Read what Sarah Wallick has to say about students listening to one another:
Transcript from Sarah Wallick
When a student comes out with a really good point and nobody else is listening except me, then nobody else learns anything. I work hard just to get kids to listen to each other, so I rarely repeat what a student will say. If I think a student isn’t listening to what a classmate is saying, I’ll look at the person who is not listening and say, “What did you think about what he said?” I’ll just put them on the spot. I do this a lot in the early part of the year particularly, because I want them to understand that it’s really important for them to listen to one another.
Read what Carol Malloy has to say about students speaking with one another about mathematics:
Transcript from Carol Malloy
There was a conversation going on about, “Well, how do you know how many times this [pulley] goes around?

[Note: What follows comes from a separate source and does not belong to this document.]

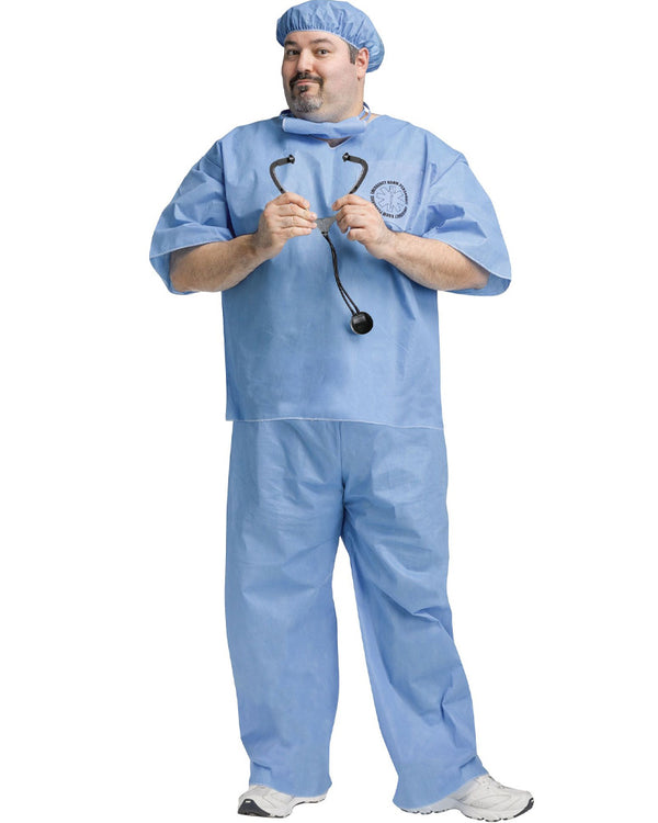 Our Doctor Doctor Mens Plus Size Costume features a lightweight set of scrubs including a blue top, matching pants, cap and face mask covering. You'll look ready for surgery in no time, just add a stethoscope and maybe some blood if you're going for a Halloween vibe. Great for Doctors & Nurses parties, Halloween and more.

How do you figure it out in the very beginning of the problem?” And the young lady said, “Well, you simply have to use the circumference of the circle in order to figure that out.” And they did that. You had students who actually talked to one another about the mathematics in the groups and across the entire class. And there’s nothing more that you can ask from a community of learners and everyone learning together, listening and respecting what everybody else is saying, and valuing the fact that somebody else has something to contribute to their knowledge and their growth.
To promote classroom interaction and foster a safe environment, teacher and peer reactions to a student response should be nonjudgmental. Most teachers understand that negative reactions are hurtful – an unsatisfactory answer from a student does not require a harsh critique, especially in front of the rest of the class. But it is important to remember that a positive reaction can also have a deleterious effect on class participation. Imagine being a student in a math class, and the teacher says to a classmate, “Wow! What a fantastic answer! That’s tremendous! Okay, who’s next?” How likely would you be to raise your hand and attempt to follow that? Even the most confident student wouldn’t want to have to go next, let alone the shy teenager who lacks self-confidence.

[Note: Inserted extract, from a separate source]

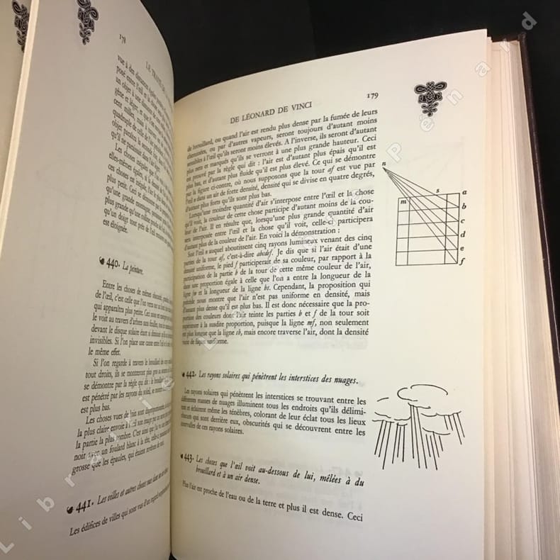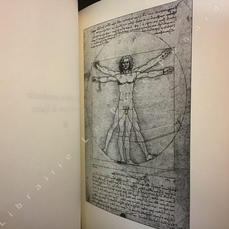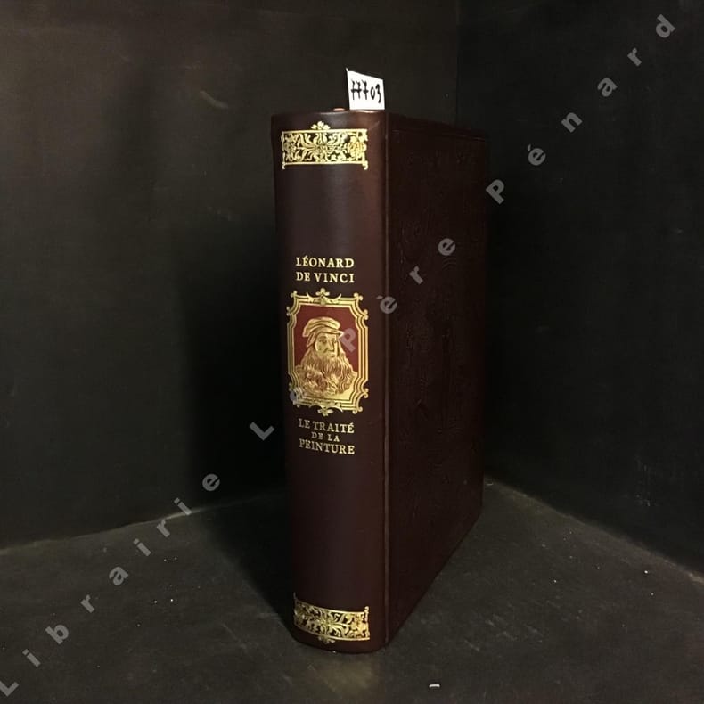 1977 Chez Jean de Bonnot, tenant négoce de libraire à l'enseigne du canon - 1977 - Tirage de tête - In-4, reliure plein cuir aubergine de l'éditeur avec riche décors à froid sur les plats (médaillon central représentant une femme nue accompagnée d'un ange) et dos richement orné du titre, de l'auteur et du portrait en doré de Léonard de Vinci, tranche de tête dorée, signet rouge - 387 pages + 42 planches + appendice + tables

Read what David C. Webb has to say about developing an effective classroom environment:
Transcript from David C. Webb
Such a classroom is not developed overnight, and students don’t necessarily come into a teacher’s classroom ready to engage in these types of lessons. It’s developing an atmosphere of student inquiry in the classroom where students are allowed to pose ideas – whether they are correct or not, it doesn’t matter. “Give me your thoughts on this.” “What do you see?” These are questions that all students can engage in. Students will give feedback to students and eventually, in the whole class discussion, there will also be opportunities to address some of those misconceptions. It’s a way of engaging in the learning of mathematics that’s safe for a wider range of students. It creates mathematics that’s more accessible to students.
Reflection:
Explain how you might implement one of the strategies discussed above to increase the potential for learning in your classroom.